MoMA
October 3, 2013  |  Artists, Collection & Exhibitions
Dorothea Rockburne: Drawing Which Makes Itself
Dorothea Rockburne. Drawing Which Makes Itself: Neighbourhood. 1973. Duralar, pencil, colored pencil, and felt-tip pen on wall. The Museum of Modern Art, New York. Gift of J. Frederic Byers III, 1978. © 2013 Dorothea Rockburne / Artists Rights Society (ARS), New York

Dorothea Rockburne. Drawing Which Makes Itself: Neighbourhood. 1973. Duralar, pencil, colored pencil, and felt-tip pen on wall. The Museum of Modern Art, New York. Gift of J. Frederic Byers III, 1978. © 2013 Dorothea Rockburne/Artists Rights Society (ARS), New York

I’ve been intrigued by Dorothea Rockburne’s wall drawing Neighbourhood (1973) since I began working at MoMA. It was acquired by the Museum in 1978, just five years after it was first made, but has been on view infrequently since then, and I really wanted to see it in person. Images of a ghostly sheet of folded paper hovering above an intricate map of lines of varying weight and color suggested a work that completely engaged with the body and the space around it—a drawing that completely challenged everything we expect a drawing to be. Currently on view in the Museum’s Drawings Galleries, Neighbourhood does not disappoint—it’s a seemingly simple but incredibly powerful, beautiful work.

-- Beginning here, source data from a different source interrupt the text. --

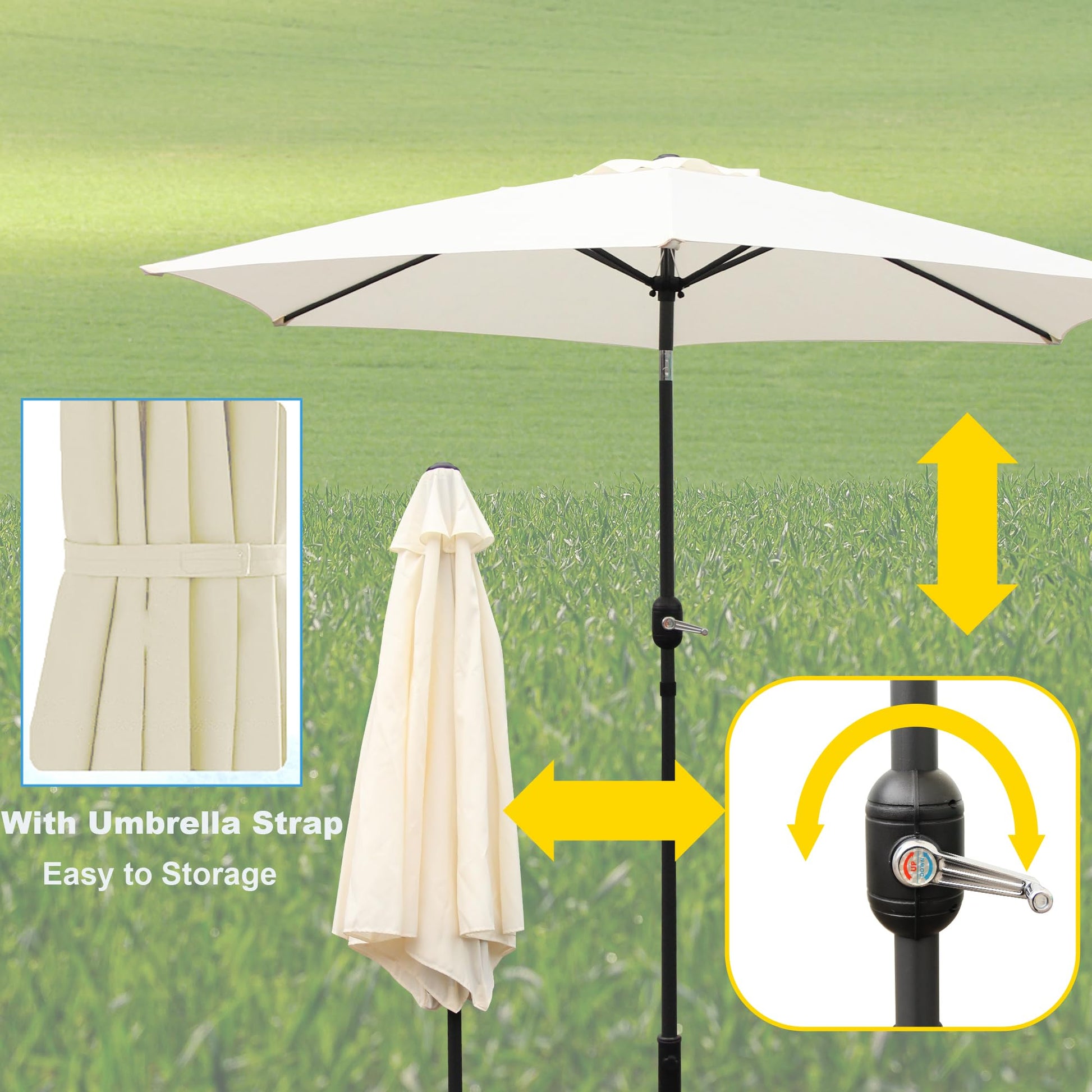 - TILT & CRANK MECHANISM:Simply turn the crank to put the parasol up or down, and the 6 steel ribs at the top of the pole will straighten out or fold up depending on which way you turn it. Easily adjust the tilt angle and height of the awning through the button to obtain the best sun protection effect,ensuring you can always remain safely in the shade.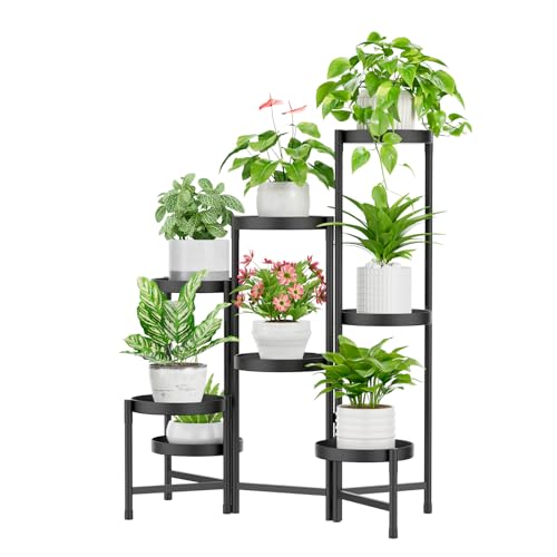 iDavosic.ly 7 Tier Plant Stand Indoor Tall, Corner Metal Tiered Plant Stands Outdoor for Multiple Plants, Folding Iron Flower Display Holders Rack Shelf, Black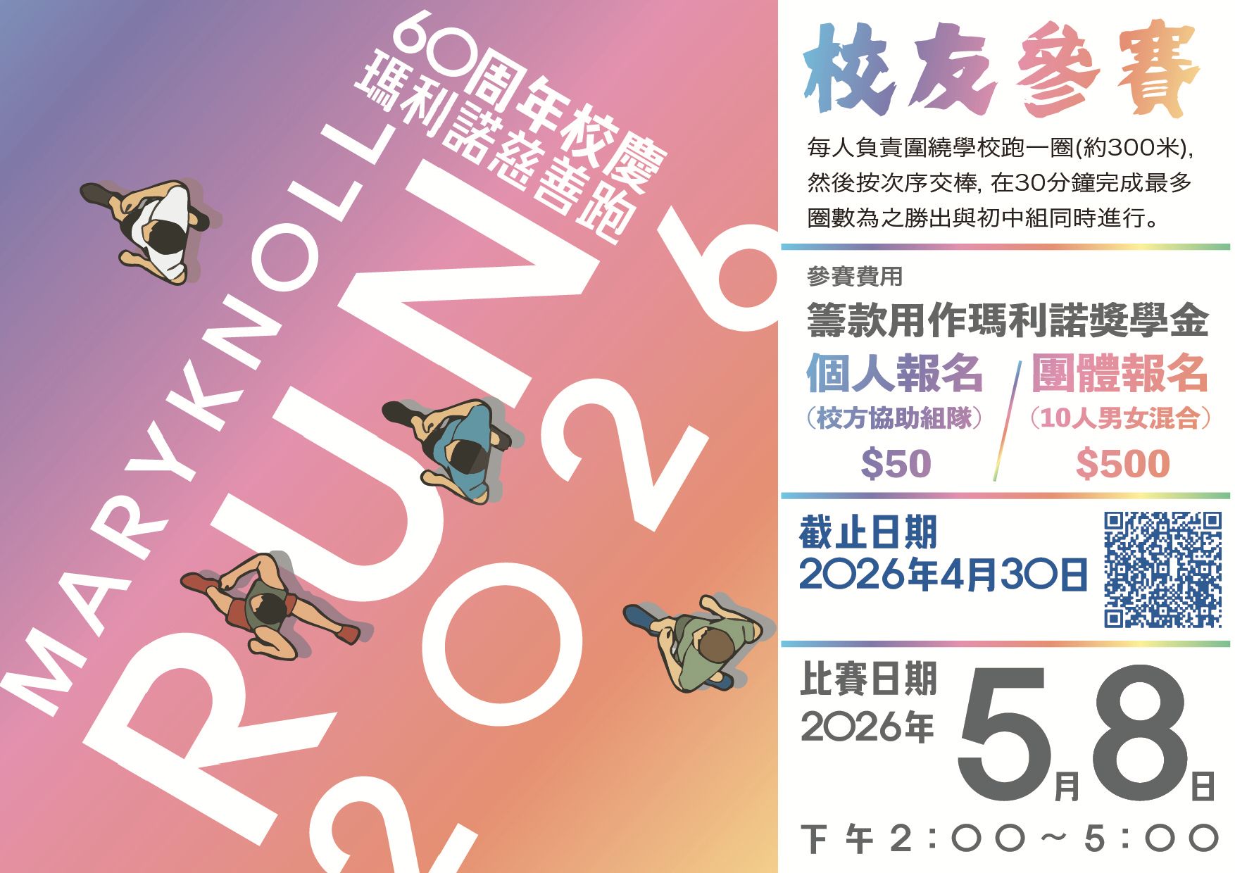 為慶祝瑪利諾中學60周年校慶,誠邀各位校友踴躍參加瑪中年度運動盛事「瑪利諾慈善跑 Maryknoll Run 2026 」!慈善跑活動場面熱鬧,氣氛熾熱,絕對是一場結合挑戰、團隊精神與校友情誼的盛會!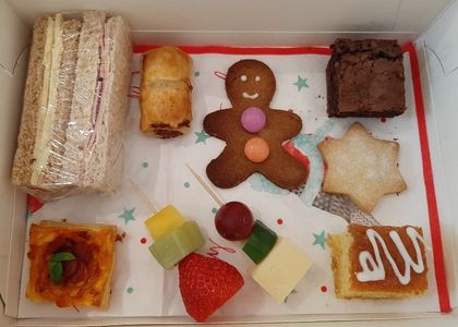 Packed up in their own little box - 2 finger sandwiches (you choose the fillings), sausage roll, mini puff pastry pizza, cheese grape and cucumber stick, fruit stick, gingerbread man, lemon drizzle square, shortbread and a chocolate brownie

Contextualized by Rockburne’s carbon-paper wall drawings, the series that culminated in Neighbourhood and which hasn’t been exhibited in depth in four decades, and other works from the MoMA’s collection as well as the artist’s own holdings, it speaks to Rockburne’s continued engagement with higher mathematics, her masterful control of a range of materials, and an admirable clarity of vision.

Above, Rockburne discusses the range of works included in the current exhibition Dorothea Rockburne: Drawing Which Makes Itself, on view in MoMA’s third-floor Paul J. Sachs Drawings Galleries through January 20, 2014.